In many cases, using only English text is reasonable; in some cases,

the English text may be augumented by text in other languages.

5. Locale

The POSIX standard [POSIX] defines a concept called a "locale", which

includes a lot of information about collating order for sorting, date

format, currency format and so on.

In some cases, and especially with text where the user is expected to

do processing on the text, locale information may be usefully

attached to the text; this would identify the sender's opinion about

appropriate rules to follow when processing the document, which the

recipient may choose to agree with or ignore.

This document does not require the communication of locale

information on all text, but encourages its inclusion when

appropriate.

Note that language and character set information will often be

present as parts of a locale tag (such as no_NO.iso-8859-1; the

language is before the underscore and the character set is after the

dot); care must be taken to define precisely which specification of

character set and language applies to any one text item.

The default locale is the "POSIX" locale.

6. Documenting internationalization decisions

In documents that deal with internationalization issues at all, a

synopsis of the approaches chosen for internationalization SHOULD be

collected into a section called "Internationalization

considerations", and placed next to the Security Considerations

section.

This provides an easy reference for those who are looking for advice

on these issues when implementing the protocol.

7. Security Considerations

Apart from the fact that security warnings in a foreign language may

cause inappropriate behaviour from the user, and the fact that

multilingual systems usually have problems with consistency between

language variants, no security considerations relevant have been

identified.

8. References

[10646]

ISO/IEC, Information Technology - Universal Multiple-Octet Coded

Character Set (UCS) - Part 1: Architecture and Basic

Multilingual Plane, May 1993, with amendments

[RFC2119]

Bradner, S., "Key words for use in RFCs to Indicate Requirement

Levels", BCP 14, RFC2119, March 1997.

[WR] Weider, C., Preston, C., Simonsen, K., Alvestrand, H,

Atkinson, R., Crispin, M., and P. Svanberg, "The Report of the

IAB Character Set Workshop held 29 February - 1 March, 1996",

RFC2130, April 1997.

[RFC1958]

Carpenter, B., "Architectural Principles of the Internet", RFC

1958, June 1996.

[POSIX]

ISO/IEC 9945-2:1993 Information technology -- Portable Operating

System Interface (POSIX) -- Part 2: Shell and Utilities

[REG]

Freed, N., and J. Postel, "IANA Charset Registration

Procedures", BCP 19, RFC2278, January 1998.

[UTF-8]

Yergeau, F., "UTF-8, a transformation format of ISO 10646", RFC

2279, January 1998.

[BCP9]

Bradner, S., "The Internet Standards Process -- Revision 3," BCP

9, RFC2026, October 1996.

9. Author's Address

Harald Tveit Alvestrand

UNINETT

P.O.Box 6883 Elgeseter

N-7002 TRONDHEIM

NORWAY

Phone: +47 73 59 70 94

EMail: Harald.T.Alvestrand@uninett.no

10. Full Copyright Statement

This document and translations of it may be copied and furnished to

others, and derivative works that comment on or otherwise explain it

or assist in its implementation may be prepared, copied, published

and distributed, in whole or in part, without restriction of any

kind, provided that the above copyright notice and this paragraph are

included on all such copies and derivative works.
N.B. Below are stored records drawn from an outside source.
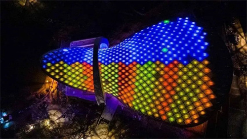 膜結(jié)構(gòu)分內(nèi)外兩層,起遮蔽作用的外層為雙向預(yù)應(yīng)力PVDF膜,內(nèi)膜為網(wǎng)格膜材。正是因?yàn)楠?dú)特的材質(zhì),其內(nèi)膜可形成超過5000平方米的沉浸式可投影天幕,這在國內(nèi)都屬罕見,也成為在此演出的最大亮點(diǎn)。
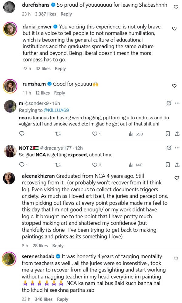 پاکستانی اداکاراؤں درافشاں سلیم اور دانیہ انور نے بھی عبدالرحمان عاصم کی ہمت کی تعریف کی اور کہا کہ ایسے مسائل پر بات کرنا ضروری ہے۔ دوسری جانب کئی صارفین نے دعویٰ کیا کہ بُلنگ کے باعث انہیں اپنی تخلیقی سرگرمیاں تک چھوڑنا پڑیں، جبکہ کچھ نے یہ بھی کہا کہ ادارے میں بعض اساتذہ اور عملے کے رویوں پر بھی سوالات اٹھائے جاتے رہے ہیں۔
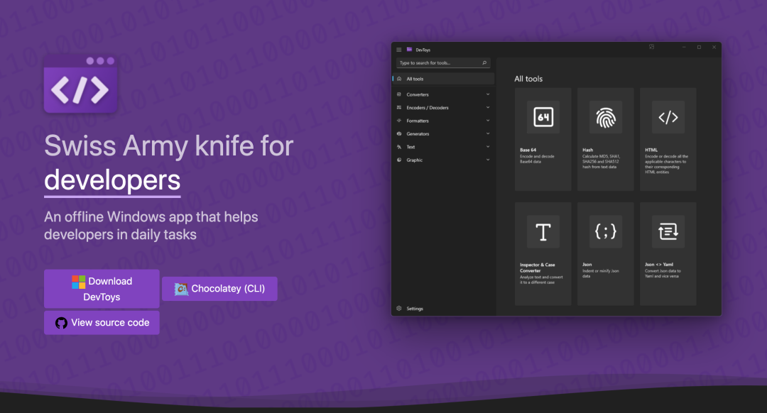DevToys 是专为 Windows 制作的工具,还支持画中画模式、可以将工具固定到开始菜单、工具搜索、语法高亮、多个实例、深色/浅色主题等功能。
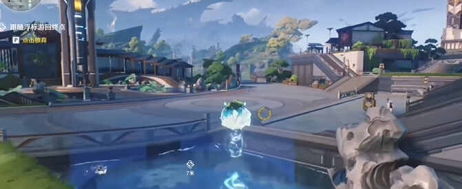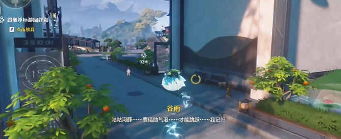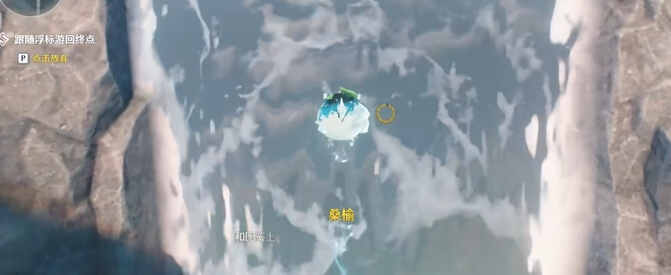 3、按照浮标游回终点,在此没(mei)有任务指引,前(qian)期只需(zhixu)到瀑布上看到npc谷雨离开就行了。
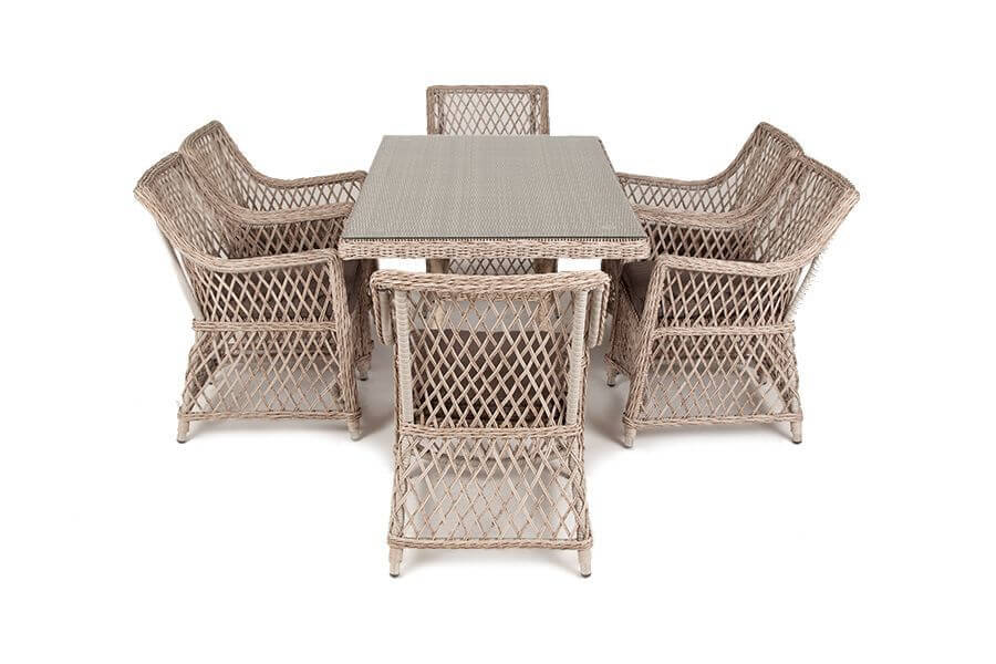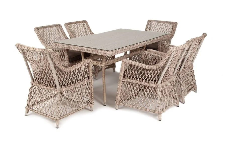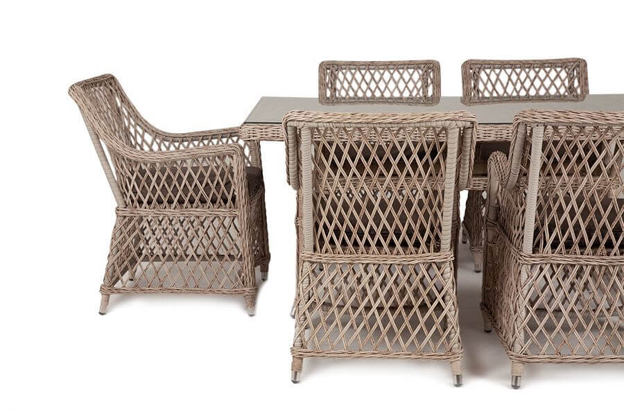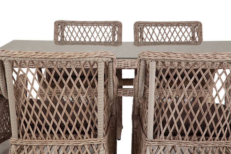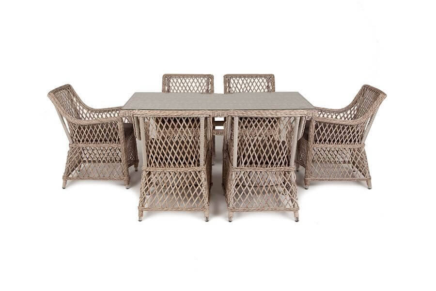 Ротанговая обеденная группа «Латте» для создания зоны отдыха в саду, обустройства веранды отеля или ресторана. Набор состоит из прямоугольного стола со стеклянной столешницей, размером 1600х900х750 мм и 6 кресел, размером - 680х550х840 мм. Комплект гармонично сочетает в себе алюминий, из которого выполнен каркас и декор из искусственного ротанга бежевого оттенка. Прекрасным дополнением мебели стали мягкие подушки из всепогодной ткани со съемными чехлами. Вы можете приобрести каждый из элементов набора отдельно, чтобы оборудовать лаунж-зону нужного вам размера.
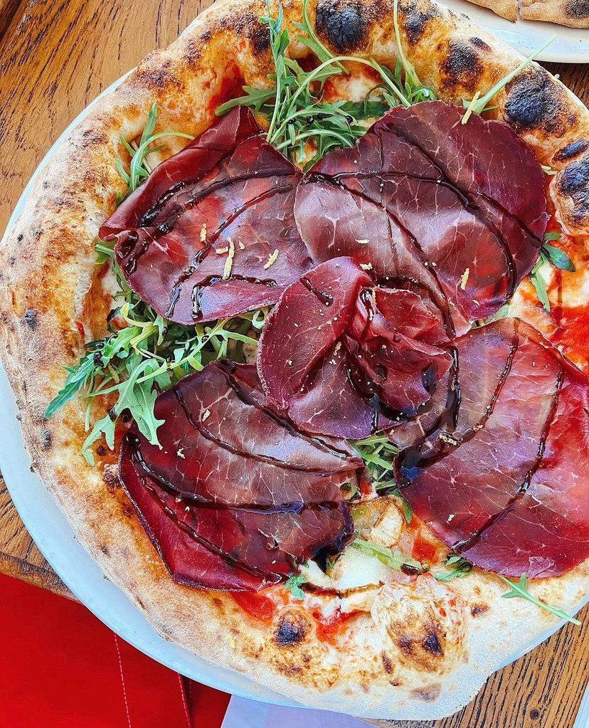 Todays runt meal consumed - pastrami, sourdough, watermelon, grapes, and shredded red cabbage with olive oil and raisins
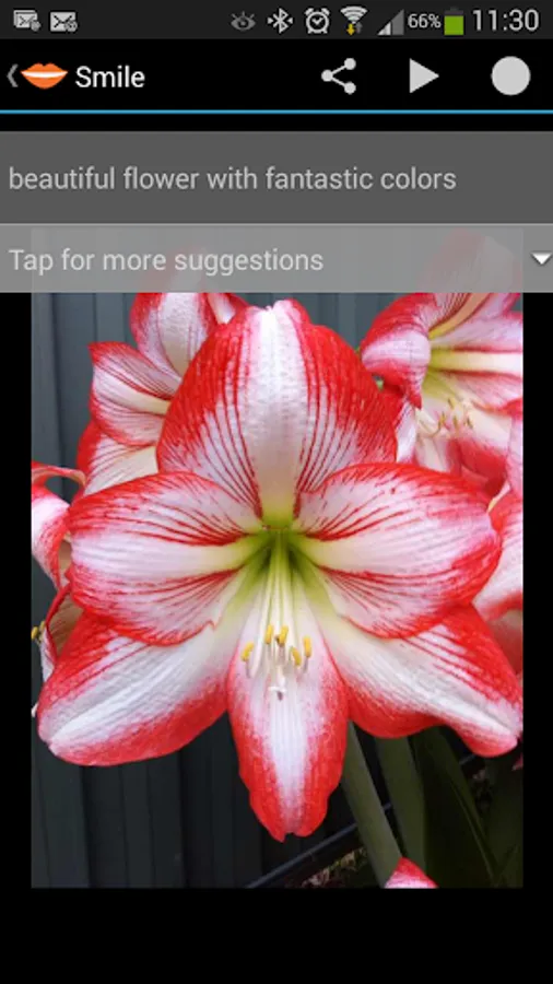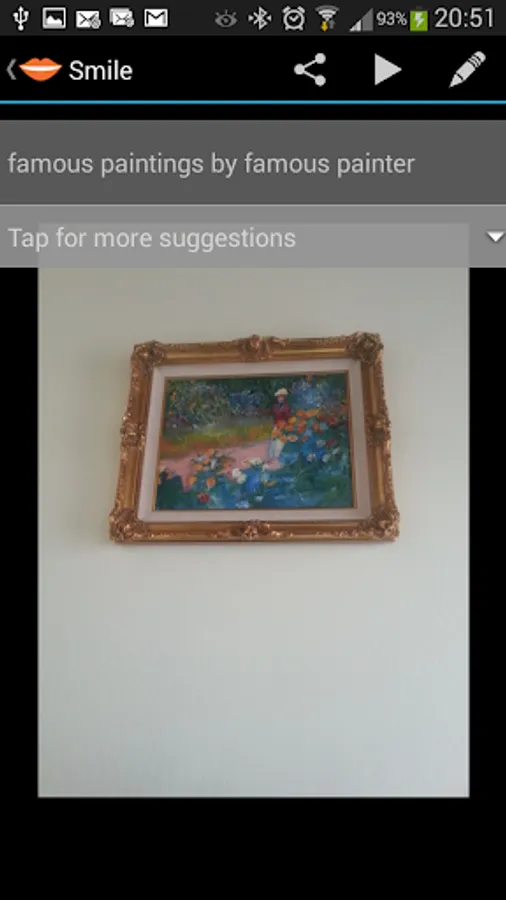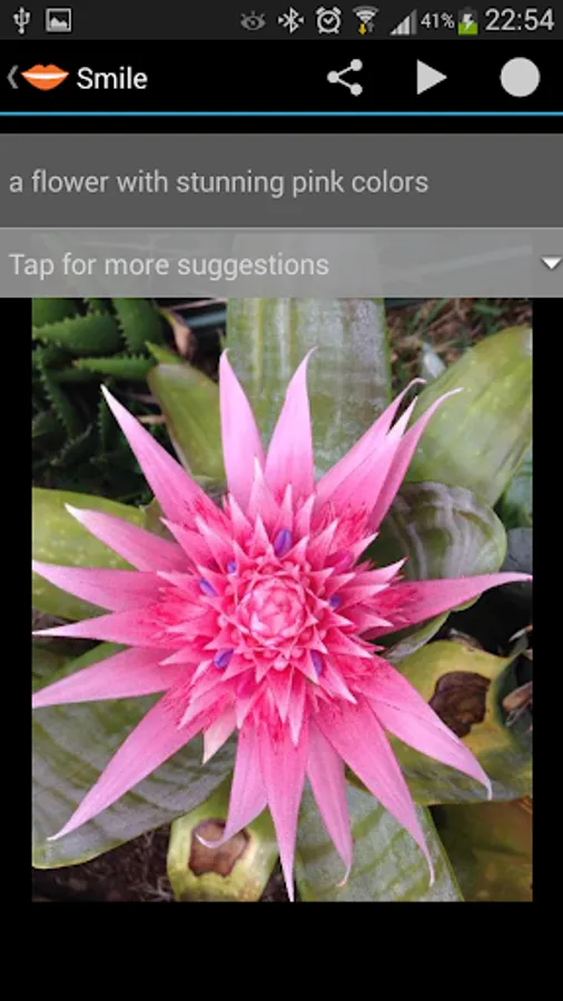 Smile speech recognition automatically generate multiple suggestion. You can pick a suggestion, edit, or enter a new one. With Smile you can even go through old pictures, or pictures taken using other apps or cameras, annotate them or voice-tag them and text annotation will be extracted using speech recognition. No need to type on your smartphone keyboard!!
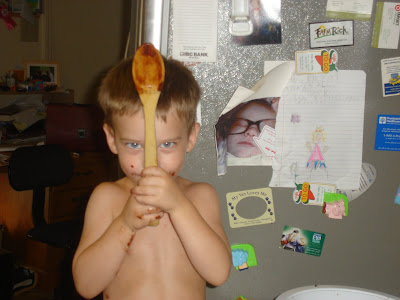 So I love, love, love, to bake, cook, and/or create food. Before I lived here at this circus tent I sometimes refer to as my "home" with the circus people that stay here that I sometimes refer to as my "family" I did a lot of creative cooking and baking. As a matter of fact, I've invented many recipes, but that's for another entry. Tonight I decided Jason and I would make brownies together, mistake number 1. I saw a really easy recipe on Everyday foods http://www.pbs.org/everydayfood/ for a brownie with cream cheese swirl that looked terrific (aside and an entry for another day as well, the recipe is fouled up, don't try it, you have to add the flour/cocoa mixture where is says "flour") anywho, I digress. Jason & I were really excited about our culinary venture that was about to begin. Trav had to mow, so it was just me, Jason, Maddie, Spock & Kirk, mistake #2. Chair comes into the kitchen, up goes M & J, Spock and Kirk sprawled out on the floor, chaos, Julia Childs herself couldn't have concocted something edible under these conditions. After several near altercations between M & J regarding whose stirring the above mentioned flour/cocoa mixture Maddie goes on my hip, mistake #, I can't remember. Jason pours in the flour/cocoa mixture, "very gently" I preface, half goes on the floor, "we're such good helpers!" Jason responds, (I'm pretty sure he could see the grief oozing from every pore). After Maddie sneezed in the batter, I tried to remember if I even washed my hands after turning the compost and fishing superheros out of the pool. Oops, mistake number 593. Finishing up the cream cheese mixture Jason disappears only to reemerge minutes later. "Check out this poopy, Mommy!" So we abandon the venture to take care of the aforementioned poopy. After 55 minutes, the brownies finally go into the oven. I can't wait to taste them.
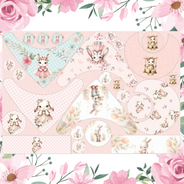 (Conejitas, erizo floral, patitos y tonos pastel para combinar en sets.)
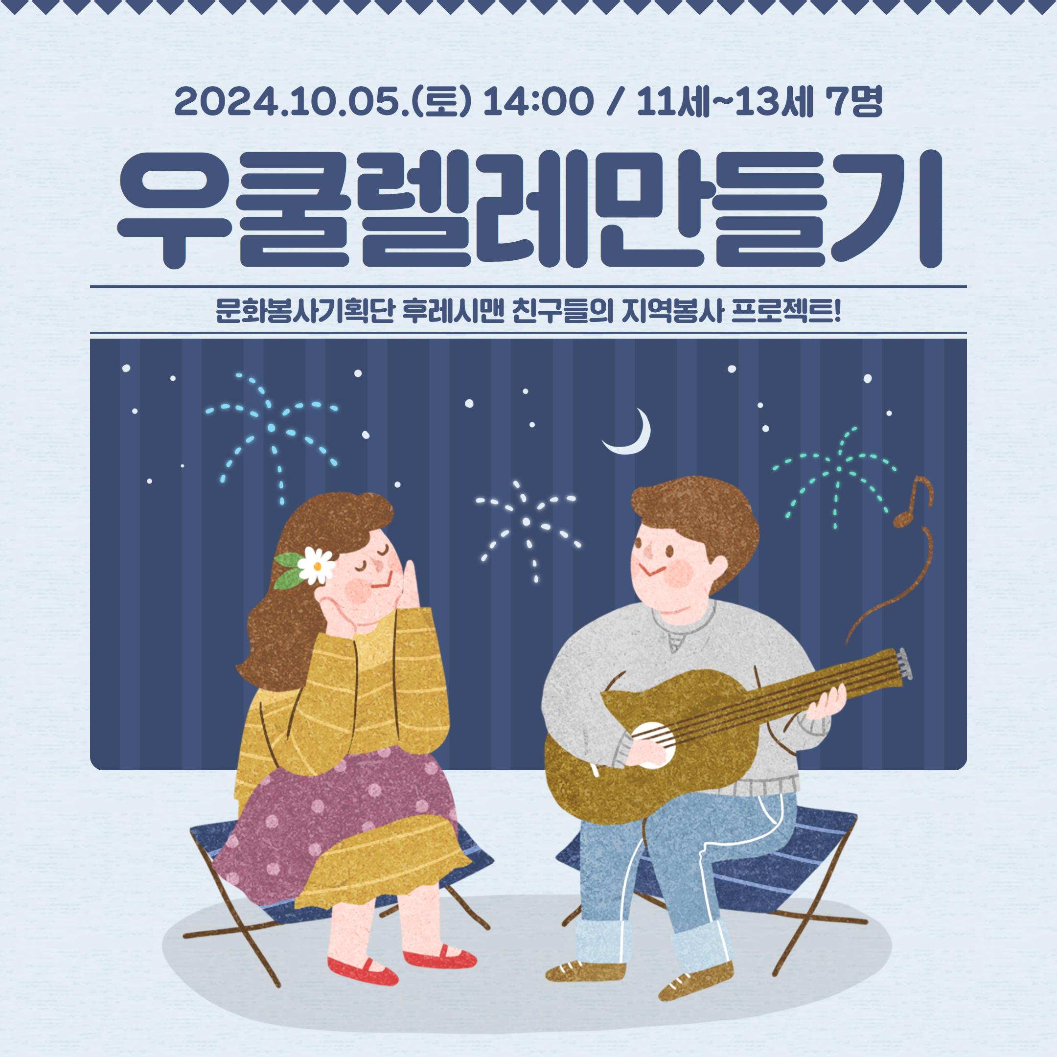 프로그램명 문화봉사기획단 후레시맨 기획프로그램 "우쿨렐레만들기" 교육기간 2024-10-05 ~ 2024-10-05 / 토 / 14:00~15:30 접수기간 [ 온라인 / 선착순 ] 2024-09-26 00:00 ~ 2024-10-03 00:00 모집연령 및 정원 11 ~ 13세 / 초4~초6 / 7명 (예비 1명) 프로그램문의 043-854-2371 수업 내용 문화봉사기획단 후레시맨 친구들이 기획운영하는 우클렐레만들기입니다!시간이 되면 만들고나서 연주도 배워보는 시간을 가지려합니다:) 첨부파일 제목을 입력하세요.jpg [ Size : 1.83MB, Down : 88 ] 미리보기 다운로드 ※ 프로그램 신청 시 대상연령 확인 후 관리자 승인까지 완료되어야 프로그램 신청인원으로 카운트됩니다. 신청확인 목록보기
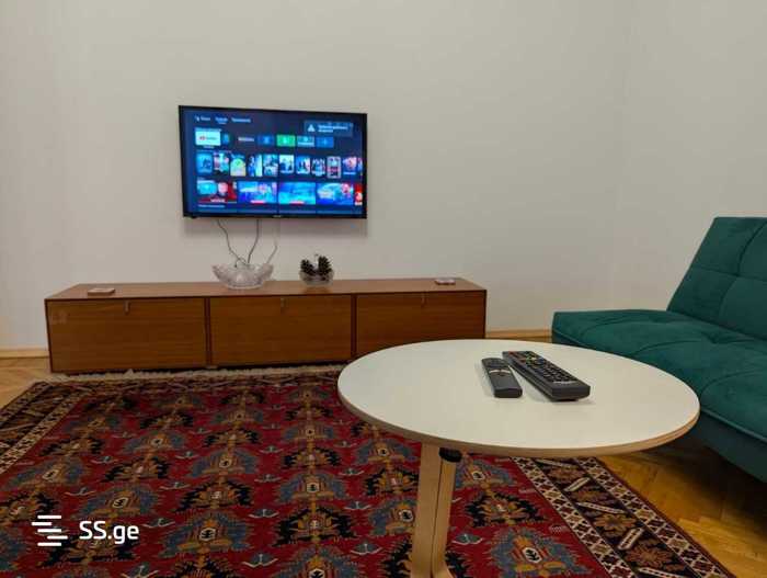 A fully renovated comfortable second floor of a private house is for rent on May 26 Street in Kutaisi, furnished and equipped. ✅️ 2 Bedrooms ✅️ Living Room ✅️ Kitchen ✅️ Common Yard ✅️ Central Heating ✅️ Air Conditioner

However, this

document itself may not be modified in any way, such as by removing

the copyright notice or references to the Internet Society or other

Internet organizations, except as needed for the purpose of

developing Internet standards in which case the procedures for

copyrights defined in the Internet Standards process must be

followed, or as required to translate it into languages other than

English.

The limited permissions granted above are perpetual and will not be

revoked by the Internet Society or its successors or assigns.

This document and the information contained herein is provided on an

"AS IS" basis and THE INTERNET SOCIETY AND THE INTERNET ENGINEERING

TASK FORCE DISCLAIMS ALL WARRANTIES, EXPRESS OR IMPLIED, INCLUDING

BUT NOT LIMITED TO ANY WARRANTY THAT THE USE OF THE INFORMATION

HEREIN WILL NOT INFRINGE ANY RIGHTS OR ANY IMPLIED WARRANTIES OF

MERCHANTABILITY OR FITNESS FOR A PARTICULAR PURPOSE.